The first distraction is references to the parchment codices of late antiquity; but the long life of such items is irrelevant, because these are parchment codices of a higher technological standard than anything available in the first century AD.  I have myself handled British Library Additional 12150, which was written in 411 AD, and is none the worse for its fifteen centuries.

It may be guessed that the reason for introducing parchment books lies in 2 Tim. 4:13, where Paul refers to the books and the parchments.  This phrase was used as a title for a famous book by F. F. Bruce, and was likely enough in Dr.E’s mind.  But there is no evidence in our possession that the NT autographs were written on anything but papyrus.  They may have been in roll or codex form, but we can’t suppose a parchment codex without evidence.

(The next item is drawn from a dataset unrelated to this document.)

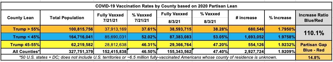 It's possible that this trend will reverse itself once the effects of the Republican Party's recent vaccination messaging turnaround starts to kick in. Since I'm only reporting fully-vaccinated data, any such impact won't start showing up on my graph until around August 11th and beyond, since that will be roughly 3 weeks after the GOP did a 180 and started pushing their base to actually get vaccinated after all (i.e., that's when anyone who ran out and got their first Pfizer shot the week of July 21st will be getting their second one; for Moderna it will take another week beyond that).

The next distraction is an attempt to draw upon Tertullian, De praescriptione haereticorum 36:1-2:

Age iam, qui uoles curiositatem melius exercere in negotio salutis tuae, percurre ecclesias apostolicas apud quas ipsae adhuc cathedrae apostolorum suis locis praesident, apud quas ipsae authenticae litterae eorum recitantur sonantes uocem et repraesentantes faciem uniuscuiusque.  (CSEL 57)

Come now, if you are ready to exercise your curiosity better in the business of your own salvation, run through the apostolic churches, where the very thrones of the apostles preside to this day over their districts, where the authentic letters of the apostles are still recited, bringing the voice and face of each one of them to mind.[84] (Greenslade’s translation)

Greenslade indeed adds a footnote:

84. Eusebius, H.E., VII, 19, believed that the actual throne of James still existed at Jerusalem. Some think that Tertullian means by cathedrae here the physical objects. That is unnecessary, and on the whole unlikely, but not impossible. But “authentic” will scarcely mean autograph; he means unmutilated texts.

If we look to see how Tertullian uses “authenticae”, we find only one other reference, in De Monogamia 11:16:

Sciamus plane non sic esse in Graeco authentico, quomodo  in usum exiit per duarum syllabarum aut callidam aut simplicem   eversionem: Si autem dormierit vir eius, quasi de futuro  sonet ac per hoc videatur ad eam pertinere, quae iam in fide  virum amiserit. (CSEL 57, Bulhart)

Let us plainly know that, in the Greek original, it does not stand in the form which (through the either crafty or simple alteration of two syllables) has gone out into common use, “But if her husband shall have fallen asleep,” as if it were speaking of the future, and thereby seemed to pertain to her who has lost her husband when already in a believing state. (ANF, Thelwall)

There seems no reason to suppose a reference to the original manuscript of 1 Corinthians; but instead to the correct reading, the authentic reading of scripture, rather than the somewhat dodgy Old Latin translation then in circulation.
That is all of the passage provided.